Normalmente eles demoram um pouco para fazer efeito, mas quando faz, o nariz e a garganta melhoram, e naquele momento você se sente mais disposto.  Mas, você já reparou que este bem estar vem acompanhado daquele soninho que vai pesando o olho?  Isso acontece porque esses medicamentos têm também ação sedativa e acabam trazendo, junto com o alívio, um pouco de sonolência.

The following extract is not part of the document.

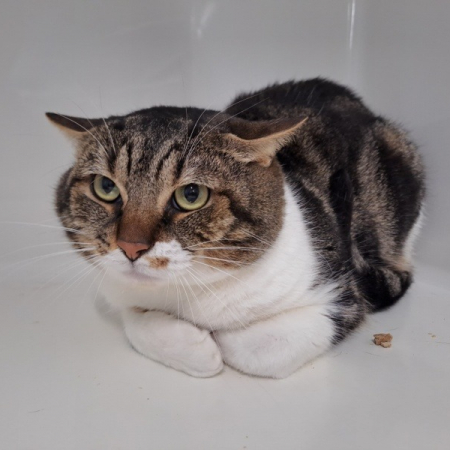 C'est un chat qui se montre sociable avec les humains, il est actuellement porteur de la teigne

E aí, seu chefe ou professor, que não está sabendo de nada, olha pra você e, com certeza, vai acabar fazendo algum tipo de comentário por sua falta de atenção.

Estes remédios têm o efeito de diminuir a febre, aquela desagradável dor no corpo, garganta inflamada e também a congestão nasal. Para ter o efeito anti-inflamatório o medicamento normalmente contém uma substância chamada de anti-histamínico.

Só que este anti-histamínico não atua somente na inflamação da garganta,  também age no cérebro. Em nosso cérebro, especificamente no hipotálamo, temos uma região que produz histamina. Esta histamina se espalha para praticamente todo o cérebro, e uma de suas ações é de nos manter em alerta, acordado.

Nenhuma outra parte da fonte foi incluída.